Monday, March 20, 2023

The fate of the big blue lake

Staff Writer | May 7, 2021 1:08 AM

As the Future of Water Quality in Coeur d’Alene Lake committee closed its second set of meetings, members raised questions and discussed next steps for the National Academies of Sciences study.

Talk of phosphorus, climate change, forest fires, and known lake data filled the last two days of presentations by national, regional, state and local officials.
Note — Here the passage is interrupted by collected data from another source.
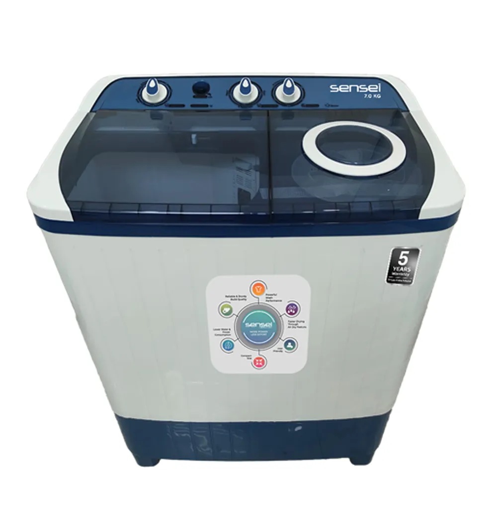 The Sensei 7 Kg Semi-Automatic Washing Machine is built for reliability and everyday convenience. With its compact design, powerful wash performance, and energy-efficient operation, it is ideal for small to medium households.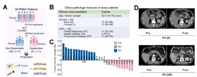 研究納入28例來自上海瑞金醫(yī)院的晚期PDAC患者,均接受AG化療,無既往化療或靶向治療史。采集36份腫瘤活檢樣本(23份化療前、13份化療后,含8對匹配樣本)和24份配對PBMC樣本,通過RECIST 1.1標(biāo)準(zhǔn)評估化療療效:11例(39.3%)為響應(yīng)者(部分緩解PR),13例(46.4%)為非響應(yīng)者(疾病進(jìn)展PD),4例(14.3%)為穩(wěn)定疾。⊿D)。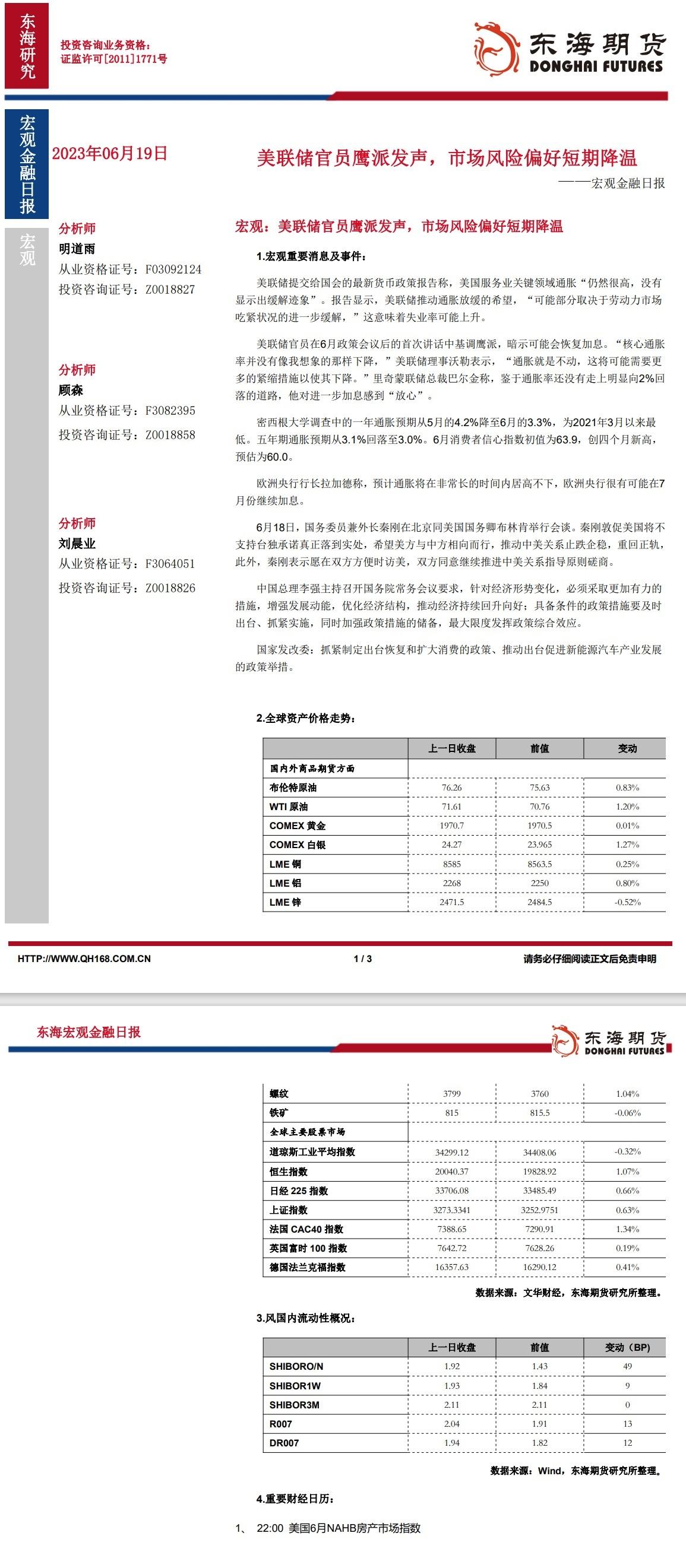 标题:【东海期货6月19日宏观金融日报】:美联储官员鹰派发声,市场风险偏好短期降温

Sponsored by the U.S. Environmental Protection Agency, Idaho Department of Environmental Quality and Kootenai County, the $770,000 NAS study aims to assess whether Lake Coeur d’Alene is at risk of going anoxic — a low concentration of dissolved oxygen — and releasing toxic metals into the water system.

By reviewing water quality data and modeling in the 2009 Lake Management Plan and other credible sources, the committee’s goal over the next two years is to determine what the future of Lake Coeur d’Alene could be.

As one of the first in-depth studies on Lake Coeur d’Alene in several years, the committee does not intend to provide remedial recommendations. However, sponsors of the study have said that another investigation could be organized if action is needed.

Samuel Luoma, chairman of the committee, opened a group discussion during the Wednesday climate change presentation by Guillamaue Mauger, calling for the group to focus on one of its goals: Looking to the future of Lake Coeur d’Alene.

One of the implications of climate change on the lake, Luoma noted, is stratification — when water with different properties forms layers that inhibit water mixing, leading to anoxia.

“We’ve seen in the river that stratification, anoxia, and release of nutrients and dissolved metals coincides with cooling in the basin and then lake drawdown and mixing,” said Dale Chess, water quality specialist for the Coeur d’Alene Tribe. “We found at the Harrison site high dissolved lead and high dissolved arsenic in the river in late November early December — months after the water column has been aerobic, and it’s still suspended.”

The whole flood plain of the Coeur d’Alene River acts almost like a sponge of metals that is saturated throughout the summer, Chess said, overloaded by the Post Falls dam like a “stew” of warm anoxic water.

Drawing from the Tuesday discussion, NAS committee member Michael Brett asked about the particulate phosphorus levels in Lake Coeur d’Alene and the compilation of nutrient data collected by agencies throughout the water system.

Phosphorus can be a powerful player in anoxia, as high concentrations of the mineral can cause increased algae or aquatic plant growth. That growth can cause eutrophication, or decreased levels of oxygen, and anoxia, which the EPA says negatively impacts water quality, food resources and aquatic habitats.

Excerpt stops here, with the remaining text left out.